As a teenager I remember reading biographies of missionaries and dreaming of someday living in a jungle with the natives and heroically preaching the gospel and translating scripture in my grass hut. Many were the times that I prayed, “Here I am Lord, send me!” My heart though mixed with selfish ambition and pride was to be used in God’s kingdom.
In time my missionary dreams faded in light of my new passion for the local church. Fantasies of jungle evangelism gave way to me actually leading a high school girls’ Bible study and playing keyboard every Sunday morning. New dreams of being a pastor’s wife (a dream that came true!) and maybe even church planting emerged. “Here am I. Send me,” still echoed in my heart.
Then, a new season dawned in my life…motherhood.

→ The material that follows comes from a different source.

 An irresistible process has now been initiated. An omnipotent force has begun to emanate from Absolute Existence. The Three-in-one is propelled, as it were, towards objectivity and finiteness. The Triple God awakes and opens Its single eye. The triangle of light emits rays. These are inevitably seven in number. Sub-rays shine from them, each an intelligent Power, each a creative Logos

God made my entrance into motherhood such that I had to rather abruptly be removed from involvement in both youth group and and worship team to care for twins. And just to ensure that I wouldn’t go back to other ministries too soon – five months after the twins were born, I was pregnant again. Those dreams of heroic missionary work, leading Bible studies, and being right with my husband at various meetings and ministry events were interrupted by 2 am feedings, 16 diaper changes a day, and raging hormones.

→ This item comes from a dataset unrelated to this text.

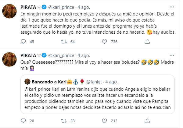 Karina desmintió a través de Twitter lo dicho por Yanina. El posteo indicaba: "Kari en Lam Yanina dijo que cuando Angela eligió no bailar el caño y pidió un reemplazo vos saliste hacer un escandalo a la producción pidiendo también uno para vos y cuando viste que Pampita empezó a poner bajas notas decidiste hacerlo. Aclaralo así no te ensucian", solicitó uno de sus seguidores.

Even though I absolutely enjoyed my babies, in the first three years or so, I often found myself overwhelmed and frazzled. I couldn’t seem to stay motivated to keep doing the same things over and over. I was tired of being confronted with my inadequacy to do this mom thing. But God in His mercy broke through. It wasn’t a sudden revelation, but more of a dawning on me. I was always looking for the grand, heroic gesture to glorify God. Looking back, my desire was really for my own glory (a testimony in and of itself). With much patience God revealed to me that true godliness that glorifies Him is evident in the mundane moments of life. Yes, I was willing to go to the jungles of Africa, but was I willing to go to the playroom and pick up the toys for the fifth time that day. Yes, I was willing to preach to the natives, but was I willing to view disciplining my children as opportunities to further the Gospel in their lives. Instead of translating scripture, was I willing to translate the Bible to a preschooler, like when I had to explain that the verse says, “only begotten Son” not “only forgotten Son”.
God has graciously revealed to me that He has ordained this season with all of its daily-ness. It is tailor made for His glory and my good. Indeed, it is nothing short of a miracle when God enables this selfish mother to keep up with laundry, build a Thomas track, and help the kids resolve conflict.

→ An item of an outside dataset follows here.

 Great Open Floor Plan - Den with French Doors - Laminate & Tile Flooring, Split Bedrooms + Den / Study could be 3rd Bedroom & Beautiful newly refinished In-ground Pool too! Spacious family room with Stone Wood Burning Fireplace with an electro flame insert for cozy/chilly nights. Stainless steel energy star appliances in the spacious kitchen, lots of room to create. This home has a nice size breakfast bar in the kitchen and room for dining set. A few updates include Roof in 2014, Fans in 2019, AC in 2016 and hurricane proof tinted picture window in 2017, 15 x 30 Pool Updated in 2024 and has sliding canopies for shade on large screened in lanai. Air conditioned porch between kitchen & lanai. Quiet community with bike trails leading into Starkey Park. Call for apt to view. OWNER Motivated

Something amazing has happened in this life of mine. I am finding that when I submit to this plan God designed for me to bring Him glory (which is still a daily battle), I find joy even in the most mundane task. How amazing that God would accept sweeping the floor as a spiritual act of worship (Romans 12). How amazing that when in my self-pity I think, “nobody sees or appreciates all that I am doing,” God whispers to me, “I see you.” How amazing that I can so tangibly feel the pleasure of God in me when I am simply building a lego house, teaching Math, or reading a story to my children.
If I could go back in time and whisper a word to that dreaming teenager that was me I would not say, “your dreams are too big!” I would say, “what is ahead is far beyond your wildest dreams!” My testimony is that God has patiently helped me to understand that in His kindness He has made bringing glory to Him in the daily events of life, a source of great joy…even better than dreaming.